Alternative proof for 2) \( \implies \) 3)
Note that as \( g_1 \) and \( g_2 \) both map to \( h_1 \), their inverses must both map to \( h_1^{-1} \). When considering \( h_1 h_1^{-1} = e_H \) through the preimage of \( \phi \), it doesn't matter whether \( g_1 \) or \( g_2 \) to map to \( h_1 \) or whether \( g_1^{-1} \) or \( g_2^{-1} \) maps to \( h_1^{-1} \). Thus we must have the combination:- \( g_1 g_2^{-1} \in \ker \varphi \)
- \( g_1 g_1^{-1} \in \ker \varphi \)
- \( g_2 g_2^{-1} \in \ker \varphi \)
- \( g_2 g_1^{-1} \in \ker \varphi \)
If \( \ker \varphi = \{ e_G \} \), then we must have \( g_1 = g_2 \).

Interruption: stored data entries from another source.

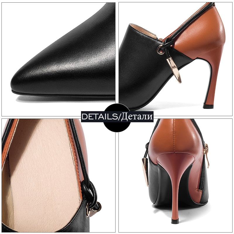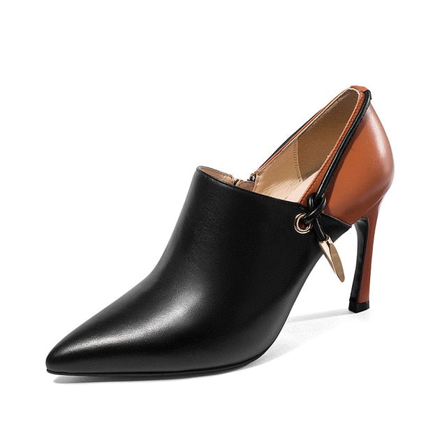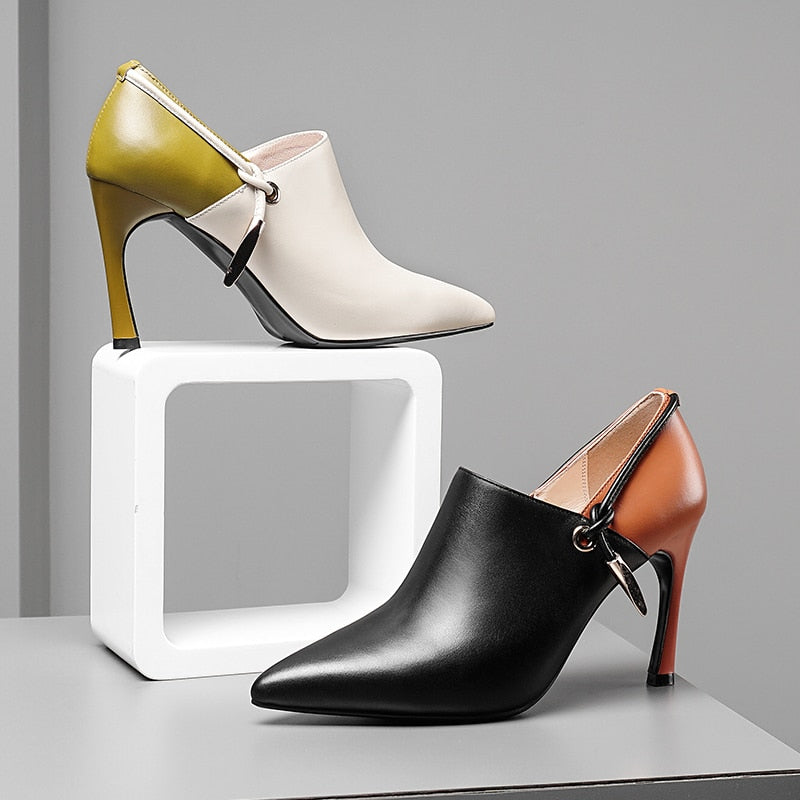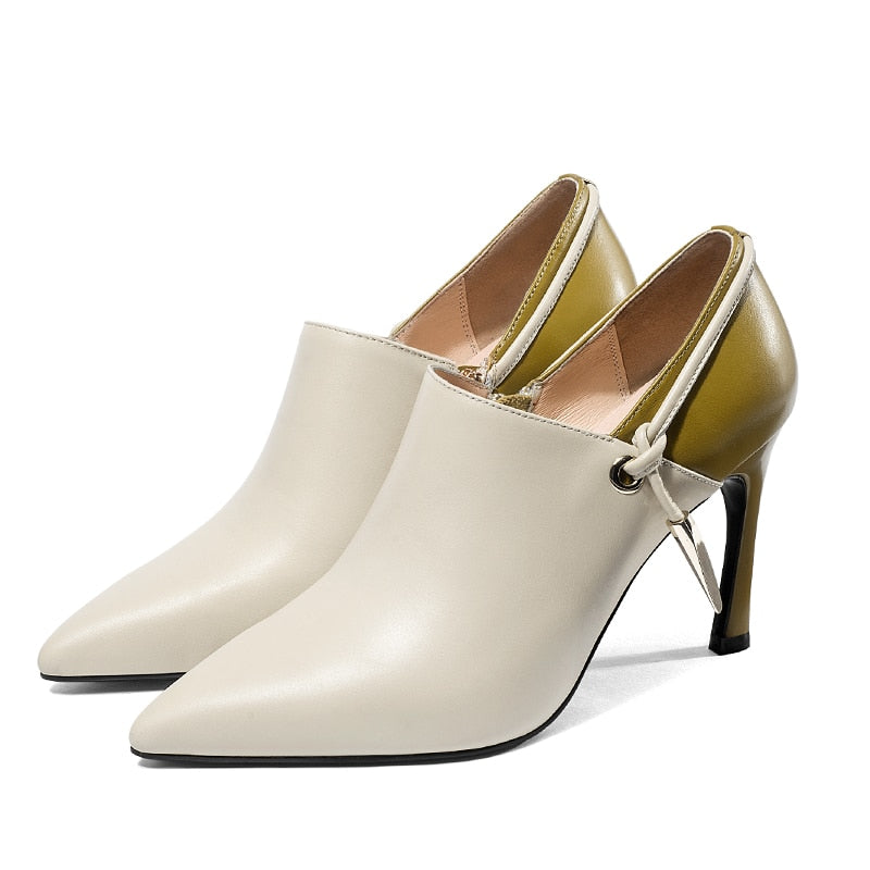 Cuero genuino en punta puntiaguda para coser tacones finos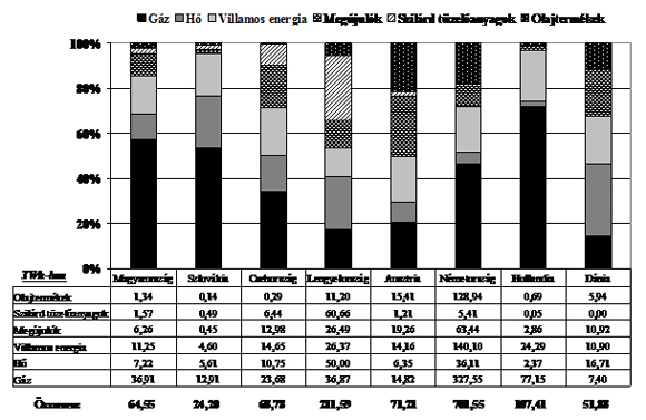 Az 1. ábra néhány nyugat- és kelet-közép-európai ország háztartásainak összesített éves energiafelhasználását, illetve a felhasznált energiahordozók arányát mutatja be. Pár érdekes dologra érdemes felhívni a figyelmet. Feltűnő, hogy Csehországban, de főleg Lengyelországban máig milyen jelentős a szénfelhasználás aránya. Ezzel szemben Magyarországon – különösen, ha a csaknem tisztán gázalapú távhőt is figyelembe vesszük – közel 70%-os a háztartási energiafelhasználásban a földgáz hányada. Nem is véletlenül választási kampánytéma a gáz ára a rendszerváltozás óta. Az osztrák háztartásokban ezzel szemben 25% fölött van a zöldenergia-felhasználás – tudjuk, hogy Ausztria környezetbarát ország –, és 20% fölötti az olajtüzelés aránya. Az Alpokban kevésbé forszírozták a gázvezeték-építést, így a síparadicsomok jó részében télen olajjal fűtenek. Hollandia sík, és jelentős saját gáztermelésük is van, így nem meglepő, hogy ott 70% fölötti a háztartások energiafelhasználásában a földgáz aránya. Dániában köztudottan nagy szerepe van a kapcsolt energiatermelésre alapozott távhőnek, és az osztrákokéhoz mérhető a megújuló energia használata is. A háztartásokban felhasznált villamos energia aránya szinte minden vizsgált országban 20% körüli.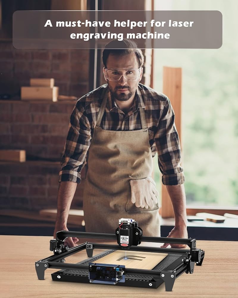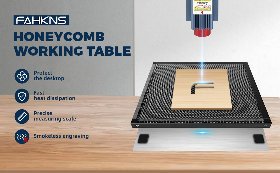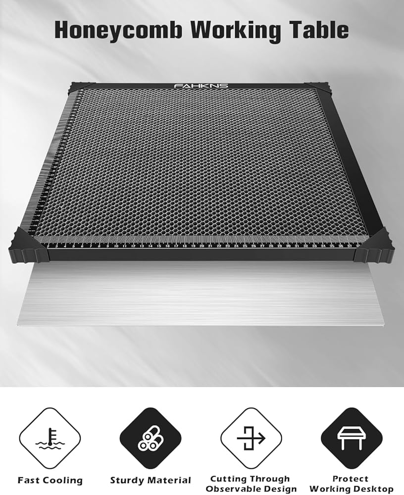 DOUBLE PROTECTION--Honeycomb working table + aluminum plate. Not only can the honeycomb enhance the ability to handle smoke and debris from laser engraving, it also keeps the table clean and tidy. The aluminum plate paired with the honeycomb laser bed prevents the laser from burning the table during engraving.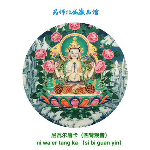 四臂观音菩萨是雪域西藏的守护神,藏人由老至幼家家户户,皆吟诵其六字大明咒:“嗡嘛呢叭咪吽”。广大藏蒙佛教徒还把***喇嘛奉为观音化身,四臂观音菩萨与文殊菩萨、金刚手菩萨,合称三族姓尊,代表大悲、大智、大力,为密乘行者人人必修的法门。

Relation to Lagrange's Theorem
Having two elments from \( G \) map to the same element in \( H \) forces their difference, \( g_1^{-1}g_2 \) and \( g_2^{-1}g_1 \), to be in \( \ker \varphi \). This effect cascades to all other elements in \( G \), as now we have a second element in \( \ker \varphi \) that can be applied to all other elements in \( G \). In effect, if two elements in \( G \) map to the same element in \( H \), then all elements in \( G \) must come in pairs that map to the same element in \( H \). This is the same as saying that the order of \( G \) must be a multiple of the order of \( H \).